(SOURCE DATA)

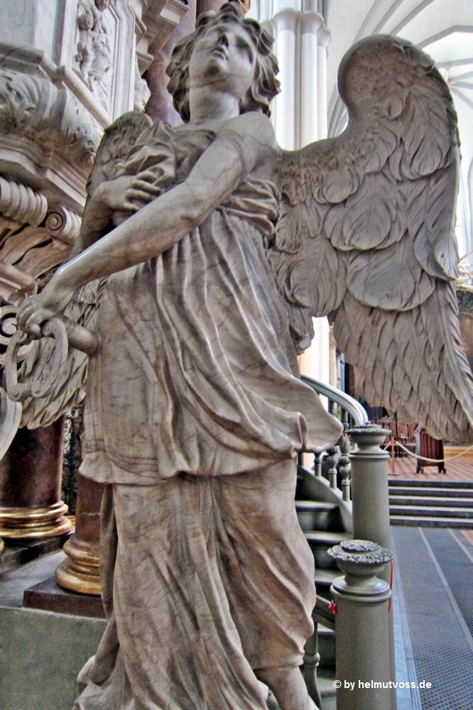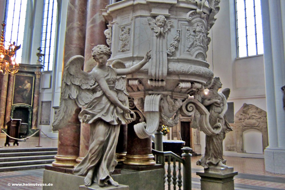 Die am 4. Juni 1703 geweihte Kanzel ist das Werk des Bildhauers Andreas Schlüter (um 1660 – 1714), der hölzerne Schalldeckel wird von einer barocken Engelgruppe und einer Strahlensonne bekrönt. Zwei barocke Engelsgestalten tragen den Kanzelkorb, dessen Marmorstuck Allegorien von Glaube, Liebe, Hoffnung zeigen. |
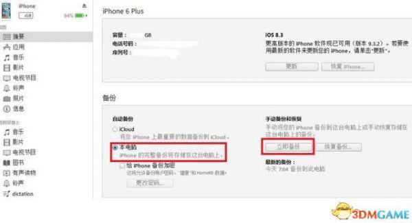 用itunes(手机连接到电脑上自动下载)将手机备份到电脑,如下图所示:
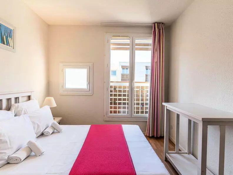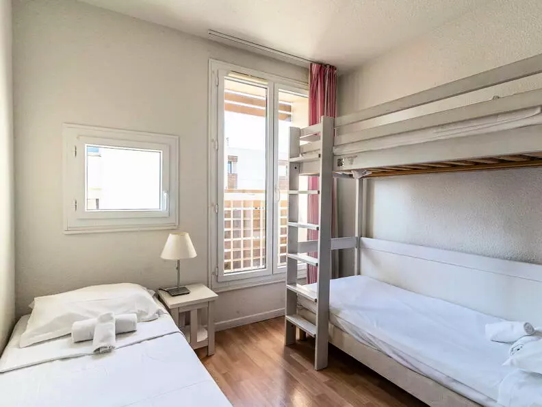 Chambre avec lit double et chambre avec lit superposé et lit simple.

---

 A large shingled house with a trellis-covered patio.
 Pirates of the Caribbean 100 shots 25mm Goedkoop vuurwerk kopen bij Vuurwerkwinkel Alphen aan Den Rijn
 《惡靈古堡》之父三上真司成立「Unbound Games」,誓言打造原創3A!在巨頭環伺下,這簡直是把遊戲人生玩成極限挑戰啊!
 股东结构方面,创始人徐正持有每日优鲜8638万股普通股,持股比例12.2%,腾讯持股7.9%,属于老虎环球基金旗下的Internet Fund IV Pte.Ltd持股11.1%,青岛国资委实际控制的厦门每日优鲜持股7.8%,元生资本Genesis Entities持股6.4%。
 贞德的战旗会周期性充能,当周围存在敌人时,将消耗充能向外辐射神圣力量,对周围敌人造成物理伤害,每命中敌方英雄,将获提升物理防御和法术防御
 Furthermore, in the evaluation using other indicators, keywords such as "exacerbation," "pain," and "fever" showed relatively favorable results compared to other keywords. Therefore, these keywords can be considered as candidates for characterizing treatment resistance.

(TASK BRIEF) Start with the line above that contains "贞德的战旗会周期性充能,当周" and stop after the line that contains "Furthermore, in the". Output those lines exactly, and only those.

(EXERCISE RESPONSE)
 贞德的战旗会周期性充能,当周围存在敌人时,将消耗充能向外辐射神圣力量,对周围敌人造成物理伤害,每命中敌方英雄,将获提升物理防御和法术防御
 Furthermore, in the evaluation using other indicators, keywords such as "exacerbation," "pain," and "fever" showed relatively favorable results compared to other keywords. Therefore, these keywords can be considered as candidates for characterizing treatment resistance.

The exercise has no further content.